Dropped Pronoun Recovery in Chinese SMS
GEORGETOWN UNIV WASHINGTON DC WASHINGTON United States
Pagination or Media Count:
In written Chinese, personal pronouns are commonly dropped when they can be inferred from context. This practice is particularly common in informal genres like Short Message Service SMS messages sent via cell phones. Restoring dropped personal pronouns can be a useful preprocessing step for information extraction. Dropped personal pronoun recovery can be divided into two subtasks 1 detecting dropped personal pronoun slots and 2 determining the identity of the pronoun for each slot. We address a simpler version of restoring dropped personal pronouns wherein only the person numbers are identified. After applying a word segmenter, we used a linear-chain conditional random field CRF to predict which words were at the start of an independent clause. Then, using the independent clause start information, as well as lexical and syntactic information, we applied a CRF or a maximum-entropy classifier to predict whether a dropped personal pronoun immediately preceded each word and, if so, the person number of the dropped pronoun.
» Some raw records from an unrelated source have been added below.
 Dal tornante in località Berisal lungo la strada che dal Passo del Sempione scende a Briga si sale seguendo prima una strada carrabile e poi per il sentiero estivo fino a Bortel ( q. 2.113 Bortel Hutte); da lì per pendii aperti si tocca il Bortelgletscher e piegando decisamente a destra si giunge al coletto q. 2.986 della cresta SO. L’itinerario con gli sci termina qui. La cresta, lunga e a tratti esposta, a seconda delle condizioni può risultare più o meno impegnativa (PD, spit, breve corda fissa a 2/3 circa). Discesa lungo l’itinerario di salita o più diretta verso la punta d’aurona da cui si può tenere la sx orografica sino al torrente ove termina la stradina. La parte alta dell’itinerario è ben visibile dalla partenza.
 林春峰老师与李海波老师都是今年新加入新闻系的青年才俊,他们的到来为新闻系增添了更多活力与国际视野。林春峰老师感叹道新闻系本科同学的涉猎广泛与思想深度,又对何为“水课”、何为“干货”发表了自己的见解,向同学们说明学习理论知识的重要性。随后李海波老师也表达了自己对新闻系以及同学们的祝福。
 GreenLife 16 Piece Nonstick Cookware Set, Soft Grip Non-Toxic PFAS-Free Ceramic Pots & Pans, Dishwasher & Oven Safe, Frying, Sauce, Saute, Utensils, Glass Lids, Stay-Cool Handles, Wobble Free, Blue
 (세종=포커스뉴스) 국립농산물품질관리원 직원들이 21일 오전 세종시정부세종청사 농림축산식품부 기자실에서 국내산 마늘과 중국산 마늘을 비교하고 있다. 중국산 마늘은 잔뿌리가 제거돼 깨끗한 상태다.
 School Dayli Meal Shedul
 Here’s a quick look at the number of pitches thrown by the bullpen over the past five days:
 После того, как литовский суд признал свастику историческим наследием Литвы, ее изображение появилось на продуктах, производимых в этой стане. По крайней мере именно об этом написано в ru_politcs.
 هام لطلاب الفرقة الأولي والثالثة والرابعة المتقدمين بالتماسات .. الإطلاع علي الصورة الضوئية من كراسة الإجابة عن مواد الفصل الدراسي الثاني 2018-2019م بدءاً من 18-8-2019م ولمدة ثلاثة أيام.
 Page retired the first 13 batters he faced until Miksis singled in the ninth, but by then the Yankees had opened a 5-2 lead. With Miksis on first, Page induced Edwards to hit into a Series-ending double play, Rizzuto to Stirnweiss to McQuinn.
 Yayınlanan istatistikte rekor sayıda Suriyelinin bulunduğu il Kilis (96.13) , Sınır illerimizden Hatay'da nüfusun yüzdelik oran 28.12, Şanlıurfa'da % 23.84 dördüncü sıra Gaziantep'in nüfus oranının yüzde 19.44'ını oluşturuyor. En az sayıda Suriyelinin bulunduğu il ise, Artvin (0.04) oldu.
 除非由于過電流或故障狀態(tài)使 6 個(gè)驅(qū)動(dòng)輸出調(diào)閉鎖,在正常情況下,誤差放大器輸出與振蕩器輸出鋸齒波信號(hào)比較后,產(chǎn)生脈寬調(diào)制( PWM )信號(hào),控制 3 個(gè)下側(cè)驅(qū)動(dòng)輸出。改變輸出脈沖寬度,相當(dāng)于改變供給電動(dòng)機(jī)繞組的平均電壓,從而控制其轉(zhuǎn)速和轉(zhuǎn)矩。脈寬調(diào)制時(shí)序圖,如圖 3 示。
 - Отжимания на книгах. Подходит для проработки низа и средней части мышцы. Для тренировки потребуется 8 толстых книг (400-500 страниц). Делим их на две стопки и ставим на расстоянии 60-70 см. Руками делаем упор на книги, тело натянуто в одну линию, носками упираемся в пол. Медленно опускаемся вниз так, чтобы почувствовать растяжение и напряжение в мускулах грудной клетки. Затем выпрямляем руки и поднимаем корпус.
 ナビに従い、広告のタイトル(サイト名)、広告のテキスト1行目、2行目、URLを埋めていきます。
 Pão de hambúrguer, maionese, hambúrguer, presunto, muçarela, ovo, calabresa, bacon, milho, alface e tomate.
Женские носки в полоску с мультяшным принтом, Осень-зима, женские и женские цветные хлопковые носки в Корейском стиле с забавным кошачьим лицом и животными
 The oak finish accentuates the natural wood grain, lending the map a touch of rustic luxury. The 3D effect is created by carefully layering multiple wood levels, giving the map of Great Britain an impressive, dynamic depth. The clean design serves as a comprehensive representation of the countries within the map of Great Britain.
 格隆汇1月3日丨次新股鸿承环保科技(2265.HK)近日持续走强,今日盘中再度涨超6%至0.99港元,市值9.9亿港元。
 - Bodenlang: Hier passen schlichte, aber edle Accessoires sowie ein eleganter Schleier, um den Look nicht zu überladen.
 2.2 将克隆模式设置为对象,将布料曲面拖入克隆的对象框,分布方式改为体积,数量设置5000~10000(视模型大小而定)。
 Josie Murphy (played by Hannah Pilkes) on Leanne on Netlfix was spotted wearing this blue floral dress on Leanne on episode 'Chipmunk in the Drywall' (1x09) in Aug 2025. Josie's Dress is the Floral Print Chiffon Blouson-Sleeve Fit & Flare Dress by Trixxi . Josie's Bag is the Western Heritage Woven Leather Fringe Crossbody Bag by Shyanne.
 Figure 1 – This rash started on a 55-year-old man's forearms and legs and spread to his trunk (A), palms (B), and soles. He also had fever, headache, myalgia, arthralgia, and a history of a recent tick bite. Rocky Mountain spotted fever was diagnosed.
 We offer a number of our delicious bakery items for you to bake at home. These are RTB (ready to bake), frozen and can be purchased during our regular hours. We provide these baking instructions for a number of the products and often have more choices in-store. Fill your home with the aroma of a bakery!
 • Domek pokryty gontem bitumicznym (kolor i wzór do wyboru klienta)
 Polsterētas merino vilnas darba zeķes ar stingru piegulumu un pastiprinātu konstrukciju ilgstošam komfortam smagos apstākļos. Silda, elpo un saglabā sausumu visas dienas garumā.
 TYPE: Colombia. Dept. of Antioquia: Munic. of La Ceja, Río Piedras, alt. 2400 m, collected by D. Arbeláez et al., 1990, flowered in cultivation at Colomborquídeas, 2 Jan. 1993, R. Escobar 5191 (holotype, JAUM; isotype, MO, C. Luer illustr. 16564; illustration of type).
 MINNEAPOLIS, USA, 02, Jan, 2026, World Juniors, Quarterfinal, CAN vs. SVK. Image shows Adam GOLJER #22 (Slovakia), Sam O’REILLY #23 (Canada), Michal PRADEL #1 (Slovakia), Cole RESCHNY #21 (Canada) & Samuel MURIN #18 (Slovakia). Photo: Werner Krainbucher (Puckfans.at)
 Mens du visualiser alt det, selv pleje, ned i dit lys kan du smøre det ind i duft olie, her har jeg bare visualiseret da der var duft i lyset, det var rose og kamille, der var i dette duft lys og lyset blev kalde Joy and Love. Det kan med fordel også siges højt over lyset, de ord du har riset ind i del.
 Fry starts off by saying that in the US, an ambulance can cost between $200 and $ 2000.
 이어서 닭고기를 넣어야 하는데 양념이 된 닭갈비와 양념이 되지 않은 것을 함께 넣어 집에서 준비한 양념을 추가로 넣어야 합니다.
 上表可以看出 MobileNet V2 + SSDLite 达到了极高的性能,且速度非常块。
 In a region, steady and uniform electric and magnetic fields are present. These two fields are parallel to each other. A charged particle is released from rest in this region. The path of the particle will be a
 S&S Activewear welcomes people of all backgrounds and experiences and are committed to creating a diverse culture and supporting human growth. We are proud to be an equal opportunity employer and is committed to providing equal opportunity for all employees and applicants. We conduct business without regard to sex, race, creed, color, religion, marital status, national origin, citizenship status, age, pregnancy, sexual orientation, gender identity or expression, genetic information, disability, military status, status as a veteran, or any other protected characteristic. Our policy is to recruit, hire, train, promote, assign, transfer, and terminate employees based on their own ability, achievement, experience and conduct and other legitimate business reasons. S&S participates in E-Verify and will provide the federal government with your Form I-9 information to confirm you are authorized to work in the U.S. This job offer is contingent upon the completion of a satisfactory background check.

We conducted a series of experiments using a manually annotated corpus of Chinese SMS messages. Our machine-learning based approaches substantially outperformed a rule-based approach based partially on rules developed by Chung and Gildea in 2010. Features derived from parsing did not help our approaches. We conclude that the parse information is largely superfluous for identifying dropped personal pronouns if reasonably accurate independent clause start information is available.